The work most relevant to ours is Tamura et .al. [7]. They proposed a graph-based label propagation method. The method addresses the difficulties caused by the scarcity of seed words and the discrepancy of context scopes in different languages which we encounter in discharge summaries. It uses the label propagation algorithms described by Zhu [12] to propagate the context vectors (labels) among seed and test words through a graph of word co-occurrences. The method exploits not only direct contexts but also indirect contexts to form context vectors of test words. Experiments showed that the method consistently outperforms methods using only direct contexts.
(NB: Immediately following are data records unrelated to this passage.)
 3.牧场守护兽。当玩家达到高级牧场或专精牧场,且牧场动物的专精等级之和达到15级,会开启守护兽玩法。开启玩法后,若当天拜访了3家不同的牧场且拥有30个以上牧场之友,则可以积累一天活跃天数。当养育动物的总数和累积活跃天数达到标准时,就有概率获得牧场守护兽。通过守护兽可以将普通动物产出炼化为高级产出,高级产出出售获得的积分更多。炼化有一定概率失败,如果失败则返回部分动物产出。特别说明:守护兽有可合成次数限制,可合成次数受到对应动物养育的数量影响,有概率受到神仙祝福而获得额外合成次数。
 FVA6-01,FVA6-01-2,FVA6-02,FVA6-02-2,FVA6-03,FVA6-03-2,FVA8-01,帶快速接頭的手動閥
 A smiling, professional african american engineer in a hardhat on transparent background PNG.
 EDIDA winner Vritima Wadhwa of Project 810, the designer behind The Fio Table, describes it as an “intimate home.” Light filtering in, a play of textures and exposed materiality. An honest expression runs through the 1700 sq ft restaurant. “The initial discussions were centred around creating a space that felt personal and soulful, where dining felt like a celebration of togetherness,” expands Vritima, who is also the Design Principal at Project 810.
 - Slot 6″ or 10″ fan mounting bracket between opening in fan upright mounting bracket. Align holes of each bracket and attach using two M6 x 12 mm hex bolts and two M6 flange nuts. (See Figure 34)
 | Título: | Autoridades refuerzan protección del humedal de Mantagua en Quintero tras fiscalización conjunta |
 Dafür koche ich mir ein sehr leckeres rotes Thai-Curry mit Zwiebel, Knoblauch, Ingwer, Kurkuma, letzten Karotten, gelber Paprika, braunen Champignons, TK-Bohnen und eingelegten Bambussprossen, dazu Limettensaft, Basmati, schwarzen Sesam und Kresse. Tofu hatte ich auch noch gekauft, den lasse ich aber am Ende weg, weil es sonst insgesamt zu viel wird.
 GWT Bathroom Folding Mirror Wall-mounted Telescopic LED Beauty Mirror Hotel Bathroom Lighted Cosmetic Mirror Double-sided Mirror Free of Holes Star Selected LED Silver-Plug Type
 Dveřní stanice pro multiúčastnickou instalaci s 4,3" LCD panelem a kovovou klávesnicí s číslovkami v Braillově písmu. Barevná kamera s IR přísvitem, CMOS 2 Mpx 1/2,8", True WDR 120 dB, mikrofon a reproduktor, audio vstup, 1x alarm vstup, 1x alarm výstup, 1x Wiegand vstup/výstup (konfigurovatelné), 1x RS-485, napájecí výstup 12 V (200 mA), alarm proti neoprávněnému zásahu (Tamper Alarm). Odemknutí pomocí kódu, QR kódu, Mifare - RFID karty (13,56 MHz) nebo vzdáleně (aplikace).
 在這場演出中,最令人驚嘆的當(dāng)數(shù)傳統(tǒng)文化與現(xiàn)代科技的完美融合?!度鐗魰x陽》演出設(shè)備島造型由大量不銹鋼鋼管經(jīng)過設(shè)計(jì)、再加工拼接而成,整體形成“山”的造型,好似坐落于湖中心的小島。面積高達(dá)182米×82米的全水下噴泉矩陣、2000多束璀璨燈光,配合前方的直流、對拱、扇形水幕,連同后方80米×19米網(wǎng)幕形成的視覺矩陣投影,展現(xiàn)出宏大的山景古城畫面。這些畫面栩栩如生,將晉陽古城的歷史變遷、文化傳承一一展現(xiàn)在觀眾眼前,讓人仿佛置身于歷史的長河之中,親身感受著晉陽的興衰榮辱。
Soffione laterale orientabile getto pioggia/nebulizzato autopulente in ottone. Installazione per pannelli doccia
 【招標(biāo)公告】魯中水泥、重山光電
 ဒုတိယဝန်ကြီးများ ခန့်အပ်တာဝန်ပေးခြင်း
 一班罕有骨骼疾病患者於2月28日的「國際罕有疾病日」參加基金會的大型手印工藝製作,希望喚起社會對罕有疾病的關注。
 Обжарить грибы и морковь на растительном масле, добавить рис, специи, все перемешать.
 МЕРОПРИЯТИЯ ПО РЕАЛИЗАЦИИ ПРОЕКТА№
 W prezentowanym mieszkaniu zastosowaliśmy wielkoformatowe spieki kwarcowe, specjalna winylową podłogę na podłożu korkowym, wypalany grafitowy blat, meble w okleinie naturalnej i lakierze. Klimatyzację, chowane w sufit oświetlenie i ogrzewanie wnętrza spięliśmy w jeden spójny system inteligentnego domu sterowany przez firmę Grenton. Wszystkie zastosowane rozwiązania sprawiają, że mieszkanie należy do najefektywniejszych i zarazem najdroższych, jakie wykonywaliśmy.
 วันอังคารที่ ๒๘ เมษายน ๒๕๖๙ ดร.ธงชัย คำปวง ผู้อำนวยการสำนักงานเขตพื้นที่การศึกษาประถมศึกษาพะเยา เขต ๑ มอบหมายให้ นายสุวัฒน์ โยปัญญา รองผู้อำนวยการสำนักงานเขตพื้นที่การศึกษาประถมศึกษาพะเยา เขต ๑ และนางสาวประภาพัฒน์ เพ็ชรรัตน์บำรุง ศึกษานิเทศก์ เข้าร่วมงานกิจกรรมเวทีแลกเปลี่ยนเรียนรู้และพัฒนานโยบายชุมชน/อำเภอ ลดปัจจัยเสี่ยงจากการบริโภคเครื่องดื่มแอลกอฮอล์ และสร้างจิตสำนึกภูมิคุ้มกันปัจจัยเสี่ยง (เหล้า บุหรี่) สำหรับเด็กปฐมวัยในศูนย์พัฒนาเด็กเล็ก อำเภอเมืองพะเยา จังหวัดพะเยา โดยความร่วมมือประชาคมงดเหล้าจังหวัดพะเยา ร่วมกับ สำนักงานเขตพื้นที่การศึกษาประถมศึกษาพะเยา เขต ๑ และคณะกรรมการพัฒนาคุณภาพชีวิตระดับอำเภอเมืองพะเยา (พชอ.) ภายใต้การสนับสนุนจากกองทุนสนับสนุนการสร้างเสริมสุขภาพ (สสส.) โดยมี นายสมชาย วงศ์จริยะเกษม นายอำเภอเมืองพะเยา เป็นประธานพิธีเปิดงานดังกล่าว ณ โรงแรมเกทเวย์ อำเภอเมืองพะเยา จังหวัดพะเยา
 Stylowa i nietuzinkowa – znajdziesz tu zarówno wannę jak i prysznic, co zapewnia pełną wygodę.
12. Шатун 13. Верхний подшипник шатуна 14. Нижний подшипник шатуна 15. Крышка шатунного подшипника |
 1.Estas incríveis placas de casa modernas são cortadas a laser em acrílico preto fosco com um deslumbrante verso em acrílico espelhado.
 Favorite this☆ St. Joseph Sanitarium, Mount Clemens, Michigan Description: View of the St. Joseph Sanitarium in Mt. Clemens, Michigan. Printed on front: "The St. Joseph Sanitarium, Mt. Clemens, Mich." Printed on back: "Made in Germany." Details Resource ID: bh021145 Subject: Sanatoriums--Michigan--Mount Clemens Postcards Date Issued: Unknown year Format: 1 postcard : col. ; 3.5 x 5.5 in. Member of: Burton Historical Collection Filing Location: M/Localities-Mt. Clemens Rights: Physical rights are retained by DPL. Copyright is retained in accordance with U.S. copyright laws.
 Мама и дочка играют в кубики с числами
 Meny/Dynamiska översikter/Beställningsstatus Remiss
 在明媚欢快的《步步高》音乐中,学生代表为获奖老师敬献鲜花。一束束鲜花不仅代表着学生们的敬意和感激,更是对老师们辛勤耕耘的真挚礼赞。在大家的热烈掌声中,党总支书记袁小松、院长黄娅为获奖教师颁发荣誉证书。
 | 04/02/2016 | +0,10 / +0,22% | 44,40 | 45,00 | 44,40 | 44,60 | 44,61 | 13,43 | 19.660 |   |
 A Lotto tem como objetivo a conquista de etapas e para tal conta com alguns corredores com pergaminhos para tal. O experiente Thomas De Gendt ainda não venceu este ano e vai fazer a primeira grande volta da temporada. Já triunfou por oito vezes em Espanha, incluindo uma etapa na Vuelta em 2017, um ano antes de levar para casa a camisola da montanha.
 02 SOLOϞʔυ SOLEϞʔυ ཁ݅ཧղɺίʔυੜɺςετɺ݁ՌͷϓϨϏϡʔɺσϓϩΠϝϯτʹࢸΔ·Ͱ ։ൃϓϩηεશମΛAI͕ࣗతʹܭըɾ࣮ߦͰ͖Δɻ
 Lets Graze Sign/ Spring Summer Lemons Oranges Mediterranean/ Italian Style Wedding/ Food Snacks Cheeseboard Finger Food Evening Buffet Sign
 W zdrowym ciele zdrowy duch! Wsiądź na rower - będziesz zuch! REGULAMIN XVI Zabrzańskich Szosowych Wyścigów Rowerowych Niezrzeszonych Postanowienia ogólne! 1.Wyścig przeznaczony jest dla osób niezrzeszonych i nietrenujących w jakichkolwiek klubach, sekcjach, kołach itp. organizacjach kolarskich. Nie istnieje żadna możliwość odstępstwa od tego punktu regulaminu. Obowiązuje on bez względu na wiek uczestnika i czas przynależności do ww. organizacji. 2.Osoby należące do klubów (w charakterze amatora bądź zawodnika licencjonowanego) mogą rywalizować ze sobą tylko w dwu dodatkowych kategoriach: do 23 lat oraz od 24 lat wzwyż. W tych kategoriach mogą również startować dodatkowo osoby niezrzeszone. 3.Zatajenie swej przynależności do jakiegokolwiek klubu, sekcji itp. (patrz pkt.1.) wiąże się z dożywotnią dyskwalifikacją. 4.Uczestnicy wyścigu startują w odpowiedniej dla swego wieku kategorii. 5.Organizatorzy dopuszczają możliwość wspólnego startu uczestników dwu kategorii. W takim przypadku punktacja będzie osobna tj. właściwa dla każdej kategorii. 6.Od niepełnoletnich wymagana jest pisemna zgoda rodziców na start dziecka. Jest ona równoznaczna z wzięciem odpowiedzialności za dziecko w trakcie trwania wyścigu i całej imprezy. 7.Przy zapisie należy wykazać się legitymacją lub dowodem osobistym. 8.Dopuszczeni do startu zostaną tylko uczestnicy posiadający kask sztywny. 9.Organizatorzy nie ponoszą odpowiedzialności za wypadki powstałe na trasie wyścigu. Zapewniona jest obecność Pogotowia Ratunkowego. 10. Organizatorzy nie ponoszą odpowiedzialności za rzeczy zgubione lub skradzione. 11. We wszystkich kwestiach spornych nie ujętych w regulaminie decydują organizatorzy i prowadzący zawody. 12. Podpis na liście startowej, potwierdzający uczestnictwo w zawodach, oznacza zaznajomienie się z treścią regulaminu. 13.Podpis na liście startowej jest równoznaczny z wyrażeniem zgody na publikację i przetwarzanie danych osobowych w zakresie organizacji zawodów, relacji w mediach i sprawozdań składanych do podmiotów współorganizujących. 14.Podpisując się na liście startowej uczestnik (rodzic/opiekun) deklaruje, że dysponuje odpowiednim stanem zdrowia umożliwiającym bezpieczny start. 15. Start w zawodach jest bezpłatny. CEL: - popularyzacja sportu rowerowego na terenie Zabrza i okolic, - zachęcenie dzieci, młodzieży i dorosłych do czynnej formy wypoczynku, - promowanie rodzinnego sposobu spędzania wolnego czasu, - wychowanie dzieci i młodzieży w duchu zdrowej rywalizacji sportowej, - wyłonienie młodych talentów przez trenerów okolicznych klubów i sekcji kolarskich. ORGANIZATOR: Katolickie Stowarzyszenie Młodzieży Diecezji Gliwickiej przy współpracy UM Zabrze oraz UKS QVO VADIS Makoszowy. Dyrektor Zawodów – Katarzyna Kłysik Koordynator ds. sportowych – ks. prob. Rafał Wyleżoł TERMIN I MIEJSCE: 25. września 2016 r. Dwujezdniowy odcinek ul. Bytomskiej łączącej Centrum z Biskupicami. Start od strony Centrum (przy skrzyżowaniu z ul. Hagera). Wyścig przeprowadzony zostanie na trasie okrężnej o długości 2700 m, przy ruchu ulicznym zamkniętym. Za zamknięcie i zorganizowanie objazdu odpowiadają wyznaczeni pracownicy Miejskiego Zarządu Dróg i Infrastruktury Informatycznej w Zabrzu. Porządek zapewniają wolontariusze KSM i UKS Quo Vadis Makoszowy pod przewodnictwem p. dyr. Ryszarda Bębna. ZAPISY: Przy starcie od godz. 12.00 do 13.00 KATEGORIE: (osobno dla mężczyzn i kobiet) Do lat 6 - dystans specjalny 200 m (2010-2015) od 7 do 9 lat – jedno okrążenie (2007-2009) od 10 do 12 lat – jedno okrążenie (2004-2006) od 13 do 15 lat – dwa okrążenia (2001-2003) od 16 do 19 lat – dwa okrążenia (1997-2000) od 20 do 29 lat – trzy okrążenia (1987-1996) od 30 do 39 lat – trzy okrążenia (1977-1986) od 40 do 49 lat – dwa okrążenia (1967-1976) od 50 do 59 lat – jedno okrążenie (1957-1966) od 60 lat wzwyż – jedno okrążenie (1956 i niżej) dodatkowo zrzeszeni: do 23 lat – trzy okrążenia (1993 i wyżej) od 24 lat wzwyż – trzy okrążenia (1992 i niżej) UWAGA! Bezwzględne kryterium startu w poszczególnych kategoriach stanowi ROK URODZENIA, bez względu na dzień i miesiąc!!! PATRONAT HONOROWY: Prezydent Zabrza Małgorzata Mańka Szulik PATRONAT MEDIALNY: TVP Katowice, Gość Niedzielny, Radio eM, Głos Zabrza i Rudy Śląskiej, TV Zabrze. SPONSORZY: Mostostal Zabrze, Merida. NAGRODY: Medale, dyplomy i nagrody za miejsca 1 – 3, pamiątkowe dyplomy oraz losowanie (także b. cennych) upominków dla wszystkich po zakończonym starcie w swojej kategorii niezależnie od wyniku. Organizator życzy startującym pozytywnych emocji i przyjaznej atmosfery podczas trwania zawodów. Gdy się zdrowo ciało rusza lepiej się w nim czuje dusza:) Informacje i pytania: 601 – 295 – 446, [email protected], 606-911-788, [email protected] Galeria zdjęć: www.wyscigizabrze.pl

Another strand of research relevant to our work is “named entity translation”, which combines named entity recognition (NER) with bi-lingual lexicon compilation [13,14]. This research focuses on the translation of terms (rather than words), which belong to specific semantic types and exploit features specific to those semantic types to extract bilingual lexical pairs. You and Cha used a classifier to distinguish temporal and atemporal entities, and then aligned them in separate procedures [13]. Their method achieved encouraging results in extracting bilingual pairs of person entities from English and Chinese comparable corpora.

Methods

Context-similarity-based extraction method – a baseline system

Since the work of Rapp, the framework of context-similarity-based extraction has been used as the core framework in many studies into bilingual lexicon extraction. We use a system based on this framework as a baseline system. The framework extracts a translation pair based on contextual similarity [15], by assuming that a word and its translation appear in similar contexts. The context of a word is represented by a vector, each dimension of which corresponds to a co-occurring seed word in a predefined context window. Since a seed word is paired with its translation in the other language, context vectors of words in the two languages belong to the same vector space. That is, regardless of whether a word belongs to the source or target language, the context vector of the word is represented as
$$ \overrightarrow{f}=\left\{{v}_1,{v}_2,\cdots {v}_n\right\} $$
(1)
where each dimension corresponds to a word-pair in the seed dictionary. n is the size of the seed dictionary. v i , i = 1, 2, n is the weight of word-pair i in a vector. A variety of definitions of context have been proposed in previous research, such as: a predefined window [6], a sentence [16], a paragraph [17], and predecessors and successors in dependency parse trees [18]. Weights used in previous work are also varied, such as frequency, tf-idf [19], log-likelihood [6], etc.
Once words in the source and the target languages are represented by context vectors of seeds, we can compute context similarities between words in the two languages by the cosine similarity of two vectors, that is,
$$ {w}_{ij}=Cos\left(\overrightarrow{f_i},\overrightarrow{f_j}\right)=\frac{\overrightarrow{f_i}\cdot \overrightarrow{f_j}}{\left\Vert \overrightarrow{f_i}\right\Vert \left\Vert \overrightarrow{f_j}\right\Vert }. $$
(2)

According to their cosine similarities with the test word, we can rank the translation candidates in the target language.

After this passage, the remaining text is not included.